Comment j’ai fait pour “maigrir”

Y’a comme un éléphant dans la pièce depuis quelques mois sur les réseaux sociaux. Depuis que suis à Vancouver, j’ai perdu du poids. Genre 10 livres, mais quand t’es déjà pas mal sur la limite de ton poids santé, 10 livres, c’est pas mal. Alors qu’à une certaine époque de ma vie, j’aurais été plus qu’heureuse de voir la balance afficher une perte, aujourd’hui c’est pas mal différent. J’vis pas si bien avec le poids que j’ai en ce moment. J’osais pas en parler plus qu’il faut sur mes médias sociaux, jusqu’à ce que je me fasse demander par une abonnée comment j’avais fait pour perdre du poids. J’trouvais ça – un peu – déplacé comme commentaire, pas seulement parce que ma perte de poids n’était pas désirée, mais aussi parce que c’est une question un peu intrusive et personnelle.

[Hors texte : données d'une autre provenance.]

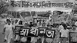 The non-cooperation movement of 1971 was a historical movement in then East Pakistan (now Bangladesh) by the Awami League and the general public against the military government of Pakistan in March of that year. After the announcement of the suspension of the session of the National Assembly of Pakistan on 1 March, the spontaneous movement of the people started, but officially on the call of Sheikh Mujibur Rahman, the non-cooperation movement started on 2 March[1] and continued until 25 March. The movement lasted for a total of 25 days.[2]
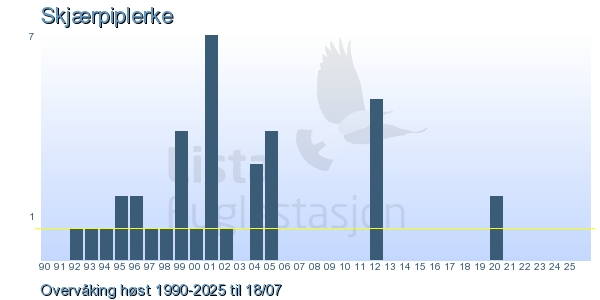 | 9 | Skjærpiplerke | European Rock Pipit | Anthus petrosus | 4 |

En gros, j’ai fait enlever mes dents de sagesse au mois d’août et j’ai eu d’la misère à ouvrir la bouche pour manger plus qu’une bouchée de purée pour bébé pendant un bon deux semaines. Ensuite, j’ai planifié le move le plus stressant de toute ma vie en déménageant à l’autre bout du pays avec mon chum et mes animaux. J’ai souvent “oublié” de manger et eu l’estomac noué par le stress. Comme tu le sais, notre premier appartement de Vancouver nous a fait faire de l’insomnie et nous a forcé à re-déménager même pas deux semaines après notre arrivée. Ajoute à ça l’éloignement de notre famille, une nouvelle job que je détestait, voilà ma recette secrète pour perdre entre 10 et 15 livres en moins de trois mois: une dose très élevée de stress!

Je l’ai surtout remarqué parce que la plupart de mes vêtements favoris sont maintenant trop grands, et également parce que j’ai reçu des commentaires de l’extérieur, des “compliments“. Pour être honnête, depuis que je ne prends plus la pilule contraceptive, j’peux pas mal manger n’importe quoi et je ne prends pas un gramme – mon chum est un peu jaloux parce qu’il peut prendre cinq livres, simplement en regardant un gâteau -. L’été dernier, je m’entraînais régulièrement, j’avais des muscles et je faisais attention à mon alimentation en mangeant des fruits et des légumes à ma faim. J’étais à la limite négative de mon poids santé, mais j’étais dans un bon état mental et je me sentais si bien dans ma peau. Depuis le déménagement, l’entraînement a pris l’bord, j’mange pas mal moins bien, des fois trop, d’autres pas assez. Le peu de livres perdues qu’affiche la balance me donne envie de pleurer parce que je ne reconnais plus mon corps.

Du plus loin que j’me souvienne, j’ai toujours eu au moins un complexe sur mon body. J’ai souvent été dure avec mon petit corps. Pendant longtemps, c’était ma poitrine – j’ai d’ailleurs eu une réduction mammaire en 2014, mais c’est pour un autre article – ensuite, mes hanches trop larges – j’ai toujours eu un “bon bassin” comme on m’a souvent dit – mes abdos pas assez définis, mon acné, etc. Du plus loin que je me souvienne, j’ai jamais été à 100% satisfaite de mon apparence. C’est triste, mais vrai. Pis j’pense que j’suis pas la seule dans cette situation. Sauf que en ce moment, j’suis vraiment pas satisfaite de l’image que le miroir me renvoie, pis j’me dis que j’échangerais peut-être mon mini body du moment pour mes courbes d’il y a quelques années

J’trouve ça triste, parce que on associe souvent le fait de maigrir avec le fait d’être en santé, sauf que j’peux te dire que j’étais beaucoup plus en santé avec mon +/- 10 livres de plus que je le suis en ce moment, autant physiquement que mentalement. J’trouve ça triste que notre société valorise autant la perte de poids, parce que en ce moment, j’ai pas besoin de me faire féliciter pour être fucking anxieuse.

En 2019, j’aimerais ça me donner comme cadeau d’être plus douce avec mon corps, d’en prendre plus soin et de le critiquer moins. Doucement, on parle d’avoir des enfants P-A et moi – pas des poilus, des vrais – et j’aimerais être en meilleure forme, physique et mentale, avant de fabriquer un mini nous. J’veux lui montrer des belles valeurs et l’estime de soi. Pis j’aimerais donc ça que mon futur bébé aie pas besoin de s’en faire avec son image comme sa maman le fait trop souvent.